What do you want me to say?, 2021
MP4
Courtesy of Gazelli Art House Ltd.
Copyright The Artist
About The Artwork
"Exhausted by Zoom calls, I created a digital clone of my voice to replace me. This voice allows me to puppet myself, using it to say all the things I hadn't previously been able to embody. I feel a sense of power owning the data of my own voice. I am taking it back from the tech companies, constantly collecting my conversations, sampling and analyzing and archiving my speech for future use yet unknown. Instead, I offer the control of my voice to others.

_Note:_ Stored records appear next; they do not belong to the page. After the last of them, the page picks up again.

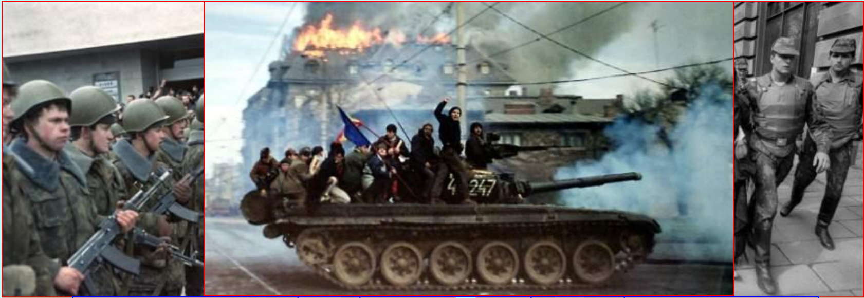
СССР. Вильнюс 1990 Румыния. Бухарест 1989 СР. Тбилиси 1989 г.

В авторитарных и тоталитарных системах наиболее ярким проявлением кризиса и неспособности системы функционировать по-старому становятся широкие выступления народных масс, приводящие либо к распаду системы в целом, либо к ужесточению режима и широкому применению насилия для подавления проявлений инакомыслия.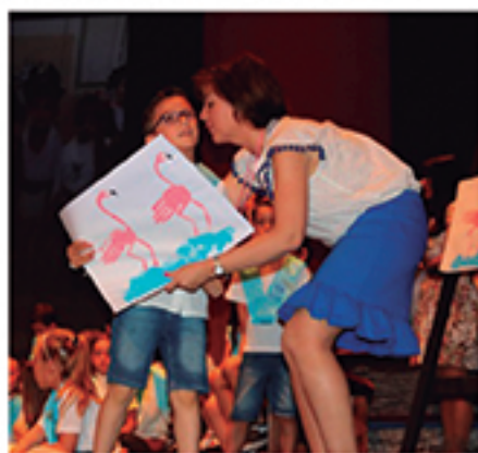
/ Dimos soporte a todos los centros escolares para sus graduaciones .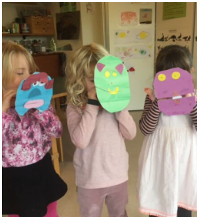
Første teaterbesøg på Marionet Teatret og første Kunstneriske Laboratorium udviklet af Fliorum, hvor indtryk bliver til udtryk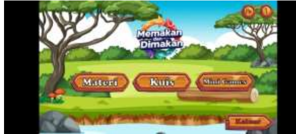
Gambar 3. Halaman Utama

Dihalaman ini terdapat 3 menu yaitu materi, kuis dan minigame . Kemudian terdapat juga tombol keluar.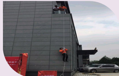
④逃生速降演习讲解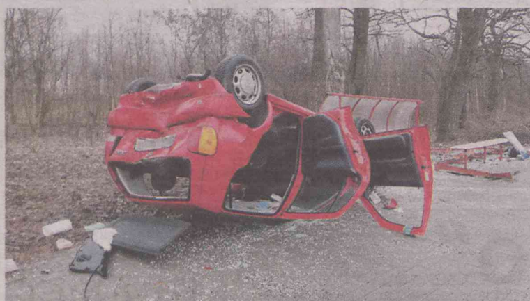
Wypadek wyglądał bardzo groźnie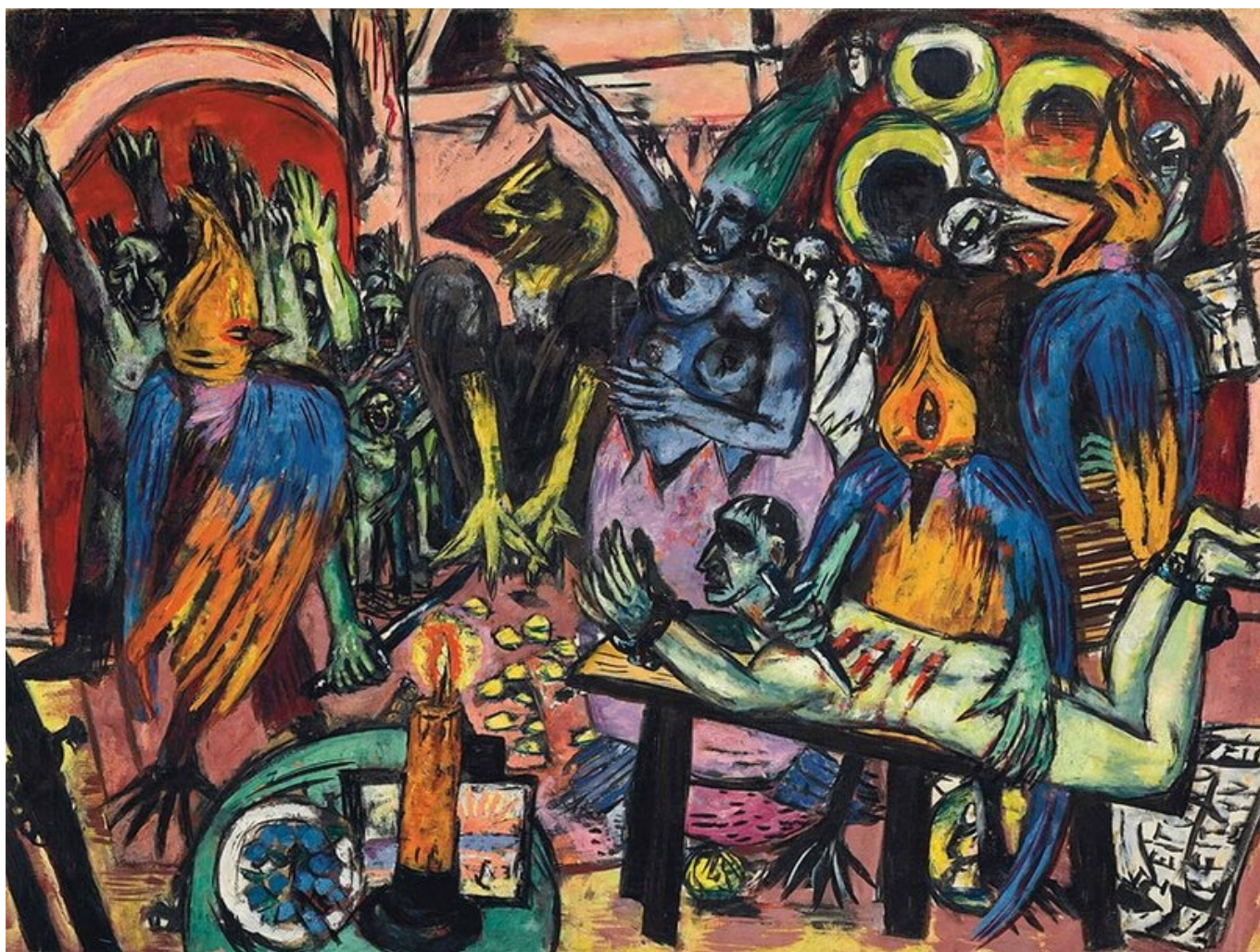
Hölle der Vögel / Ад птиц, 1937-38.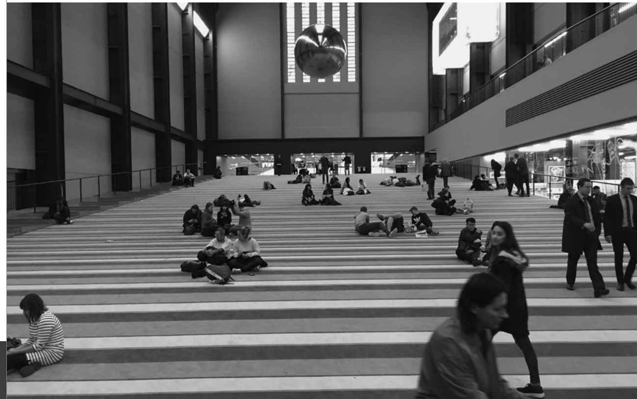
Herzog + de Meuron, Tate Modern, London/ Londen (2000). Turbine Hall, with striped carpet flooring as part of/ met gestreept vloertapijt als onderdeel van SUPERFLEX's One Two Three Swing! project (2016)

The project for Tate Modern's first phase deployed what became the typical tropes of the contemporary art museum as set out previously. It first offered an image to the city, directed towards publicity-aligned culture in the form of the Power Station and its chimney, its scale and presence attuned to the notion of the urban icon, complete with its own dedicated footbridge. There is an introductory, spectacular interior, the Turbine Hall, a 'raw' space alluding to the imagined 'found' spaces of former industrial (and art) production. The Turbine Hall conforms to the scale of metropolitan public interiors, here providing the imagery of a singular public interior akin to the grand magasins , or the exhibition halls, markets and train stations of metropolitan cities in the nineteenth century. In such spaces, the public, who yearn for engagement, see themselves

Upon collecting and visiting the work, you are asked by my voice, “What do you want me to say?” However you reply, my voice responds by speaking your own words back to you. Then it asks again, “What do you want me to say?”
This work considers vulnerability, ownership, and authenticity in a time of rapidly advancing virtual reality. As I open access to my voice, I reflect on the ways femme voiced virtual assistants are commanded and controlled by their users and their developers. And the ways we can feel heard and (mis)understood by those that listen."

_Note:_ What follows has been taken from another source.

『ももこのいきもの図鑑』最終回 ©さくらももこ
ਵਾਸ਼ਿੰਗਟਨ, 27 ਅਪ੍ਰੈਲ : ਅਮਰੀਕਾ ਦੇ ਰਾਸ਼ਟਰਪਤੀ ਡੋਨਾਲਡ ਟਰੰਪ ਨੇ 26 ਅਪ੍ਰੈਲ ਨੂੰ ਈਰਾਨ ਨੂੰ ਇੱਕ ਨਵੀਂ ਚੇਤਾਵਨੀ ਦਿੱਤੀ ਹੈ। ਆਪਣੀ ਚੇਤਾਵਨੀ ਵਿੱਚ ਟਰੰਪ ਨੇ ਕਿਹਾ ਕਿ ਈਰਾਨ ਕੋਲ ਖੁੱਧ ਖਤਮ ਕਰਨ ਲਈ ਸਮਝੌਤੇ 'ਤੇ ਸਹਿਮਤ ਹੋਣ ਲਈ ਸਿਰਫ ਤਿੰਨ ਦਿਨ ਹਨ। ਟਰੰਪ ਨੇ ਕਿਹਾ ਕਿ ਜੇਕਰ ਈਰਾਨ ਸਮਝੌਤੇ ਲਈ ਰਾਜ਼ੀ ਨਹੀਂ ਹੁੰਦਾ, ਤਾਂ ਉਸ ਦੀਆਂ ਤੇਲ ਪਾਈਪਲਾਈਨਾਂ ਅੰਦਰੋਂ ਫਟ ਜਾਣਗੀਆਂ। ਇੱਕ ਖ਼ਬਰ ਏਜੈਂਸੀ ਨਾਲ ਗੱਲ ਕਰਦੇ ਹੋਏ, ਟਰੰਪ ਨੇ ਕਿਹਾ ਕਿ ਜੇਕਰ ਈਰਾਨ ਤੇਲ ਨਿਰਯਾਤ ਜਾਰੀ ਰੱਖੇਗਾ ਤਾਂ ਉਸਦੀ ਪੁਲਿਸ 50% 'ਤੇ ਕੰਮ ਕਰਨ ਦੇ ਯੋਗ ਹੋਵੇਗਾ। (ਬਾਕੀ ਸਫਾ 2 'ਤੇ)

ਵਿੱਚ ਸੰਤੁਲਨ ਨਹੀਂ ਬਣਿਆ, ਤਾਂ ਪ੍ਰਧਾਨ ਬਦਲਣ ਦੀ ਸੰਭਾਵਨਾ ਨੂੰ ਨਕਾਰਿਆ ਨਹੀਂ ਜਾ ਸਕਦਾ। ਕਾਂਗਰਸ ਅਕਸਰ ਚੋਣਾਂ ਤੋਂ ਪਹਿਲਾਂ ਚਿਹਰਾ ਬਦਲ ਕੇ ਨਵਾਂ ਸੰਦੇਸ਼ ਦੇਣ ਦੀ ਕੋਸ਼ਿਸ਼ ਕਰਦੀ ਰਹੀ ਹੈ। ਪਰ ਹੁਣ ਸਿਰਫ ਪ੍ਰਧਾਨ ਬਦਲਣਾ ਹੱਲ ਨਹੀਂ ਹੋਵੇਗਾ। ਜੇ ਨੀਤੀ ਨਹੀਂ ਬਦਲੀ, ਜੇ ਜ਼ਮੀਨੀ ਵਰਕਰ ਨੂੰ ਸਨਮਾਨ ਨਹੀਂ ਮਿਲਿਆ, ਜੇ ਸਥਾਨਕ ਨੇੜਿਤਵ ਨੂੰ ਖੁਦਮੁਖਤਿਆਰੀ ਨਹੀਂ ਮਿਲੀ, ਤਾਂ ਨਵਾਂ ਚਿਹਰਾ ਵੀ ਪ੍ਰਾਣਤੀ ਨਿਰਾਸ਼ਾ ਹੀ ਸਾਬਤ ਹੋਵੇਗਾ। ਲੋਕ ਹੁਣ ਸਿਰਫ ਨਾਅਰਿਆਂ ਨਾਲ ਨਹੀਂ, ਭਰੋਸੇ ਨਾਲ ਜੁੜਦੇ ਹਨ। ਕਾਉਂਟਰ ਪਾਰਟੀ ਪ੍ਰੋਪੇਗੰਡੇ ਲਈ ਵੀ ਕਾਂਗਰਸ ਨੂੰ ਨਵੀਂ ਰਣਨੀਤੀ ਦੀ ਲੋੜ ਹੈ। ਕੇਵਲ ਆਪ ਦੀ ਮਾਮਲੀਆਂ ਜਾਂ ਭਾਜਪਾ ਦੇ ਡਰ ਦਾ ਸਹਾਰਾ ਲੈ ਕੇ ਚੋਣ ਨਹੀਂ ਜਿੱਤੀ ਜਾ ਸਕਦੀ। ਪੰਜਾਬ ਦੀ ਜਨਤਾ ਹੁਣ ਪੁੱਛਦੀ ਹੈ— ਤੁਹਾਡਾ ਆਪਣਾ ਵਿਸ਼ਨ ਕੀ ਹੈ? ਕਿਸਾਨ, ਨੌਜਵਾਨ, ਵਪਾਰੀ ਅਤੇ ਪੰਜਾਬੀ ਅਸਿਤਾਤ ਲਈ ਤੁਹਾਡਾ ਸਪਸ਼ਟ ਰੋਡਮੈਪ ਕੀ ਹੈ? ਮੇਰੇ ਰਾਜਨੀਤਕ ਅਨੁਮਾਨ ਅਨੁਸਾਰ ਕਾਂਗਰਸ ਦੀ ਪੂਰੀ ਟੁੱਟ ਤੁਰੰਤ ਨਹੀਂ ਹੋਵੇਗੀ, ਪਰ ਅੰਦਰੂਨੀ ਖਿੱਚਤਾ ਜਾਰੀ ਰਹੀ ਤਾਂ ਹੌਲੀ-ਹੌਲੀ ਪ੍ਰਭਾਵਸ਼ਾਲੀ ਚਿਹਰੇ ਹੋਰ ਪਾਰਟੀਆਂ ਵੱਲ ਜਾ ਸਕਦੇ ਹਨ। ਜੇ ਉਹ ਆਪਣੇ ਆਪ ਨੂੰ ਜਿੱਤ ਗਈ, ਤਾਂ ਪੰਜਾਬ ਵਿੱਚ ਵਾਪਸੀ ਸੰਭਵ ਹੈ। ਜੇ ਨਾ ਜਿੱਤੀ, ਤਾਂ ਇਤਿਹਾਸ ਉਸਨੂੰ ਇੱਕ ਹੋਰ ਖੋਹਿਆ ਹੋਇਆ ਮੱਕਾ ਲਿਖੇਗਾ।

Work available on Feral File
About Lauren Lee McCarthy
In Lauren Lee McCarthy's artistic practice, social relationships are examined amongst surveillance, automation, and algorithmic living. Fascinated by the ways in which we interact with algorithms and one another, McCarthy contemplates the effects of glitches within social and technological structures.

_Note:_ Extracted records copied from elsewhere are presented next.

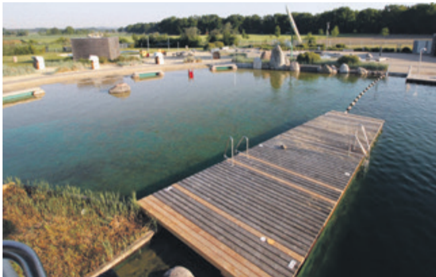
Im Naturbad stehen in den nächsten Jahren mehrere Sanierungsmaßnahmen an. Dazu gehört der Austausch der verschiedenen Holzdecks.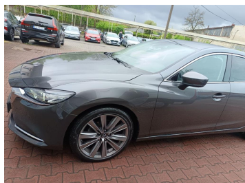
Bok lewy z przodu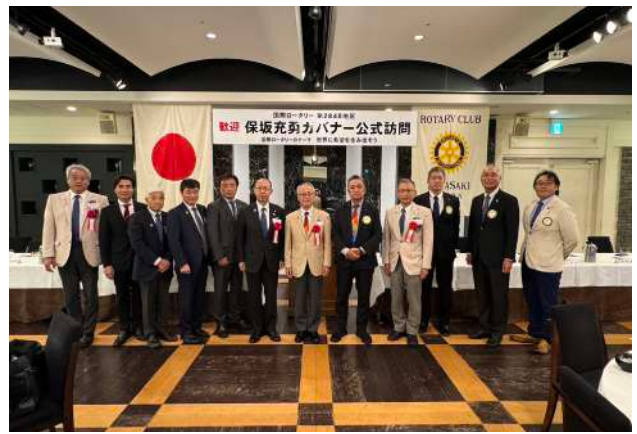
高崎 RC 10月16日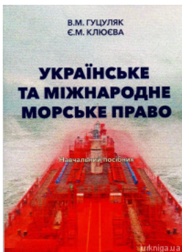
Українське та міжнародне морське право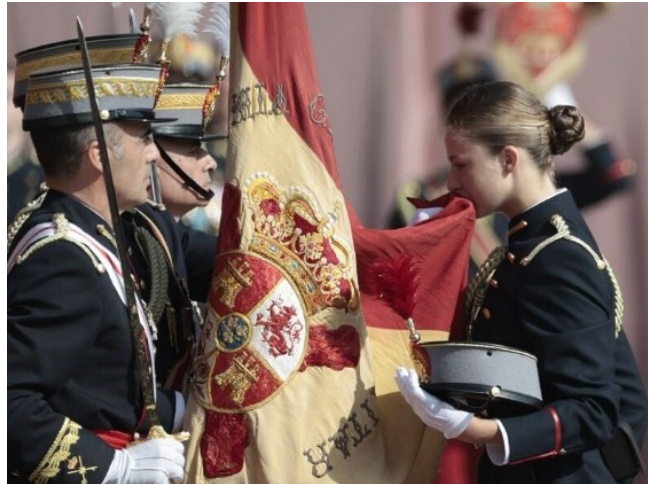
Imagen 2: Acto de Jura de Bandera (F6).

Unos días más tarde, el 19 de septiembre de 2023, la Princesa Leonor recibió el sable que la acredita como dama cadete en la Academia Militar de Zaragoza (F5), marcando un avance significativo en su formación castrense. Este evento, cubierto con titulares como “La princesa Leonor recibe el sable que la acredita como dama cadete en un acto cargado de simbolismo”, subraya su compromiso con los valores militares sin privilegios especiales, continuando su instrucción de cara a la jura de bandera prevista para octubre (Torrente, 2023). Como se muestra en la Imagen 2, el 7 de octubre, el juramento de bandera de la princesa en la Academia General Militar fue un momento clave que atrajo una gran atención mediática (F6), simbolizando su compromiso con las Fuerzas Armadas y su preparación para asumir mayores responsabilidades (Cruz, 2023).

Exploring ideas of self-awareness and control, McCarthy's performances challenge both visitors and the artist to engage in mutual risk taking. Here, software, electronics, internet, film, photography, and installation combine in scenarios where one can buy a lifetime of goodnight texts, or a real life “follower” for a day.
McCarthy has received grants and residencies from Creative Capital, United States Artists, LACMA, Sundance New Frontier, Eyebeam, Pioneer Works, Autodesk, and Ars Electronica. Her work SOMEONE was awarded the Ars Electronica Golden Nica and the Japan Media Arts Social Impact Award, and her work LAUREN was awarded the IDFA DocLab Award for Immersive Non-Fiction. Lauren's work has been exhibited internationally, at places such as the Barbican Centre, Fotomuseum Winterthur, Haus der Elektronischen Künste, SIGGRAPH, Onassis Cultural Center, IDFA DocLab, Science Gallery Dublin, Seoul Museum of Art, and the Japan Media Arts Festival.
Lauren is also the creator of p5.js, an open-source art and education platform that prioritises access and diversity in learning to code, with over 1.5 million users. She expands on this work in her role on the Board of Directors for the Processing Foundation, whose mission is to serve those who have historically not had access to the fields of technology, code, and art in learning software and visual literacy. Lauren is an Associate Professor at UCLA Design Media Arts. She holds an MFA from UCLA and a BS Computer Science and BS Art and Design from MIT.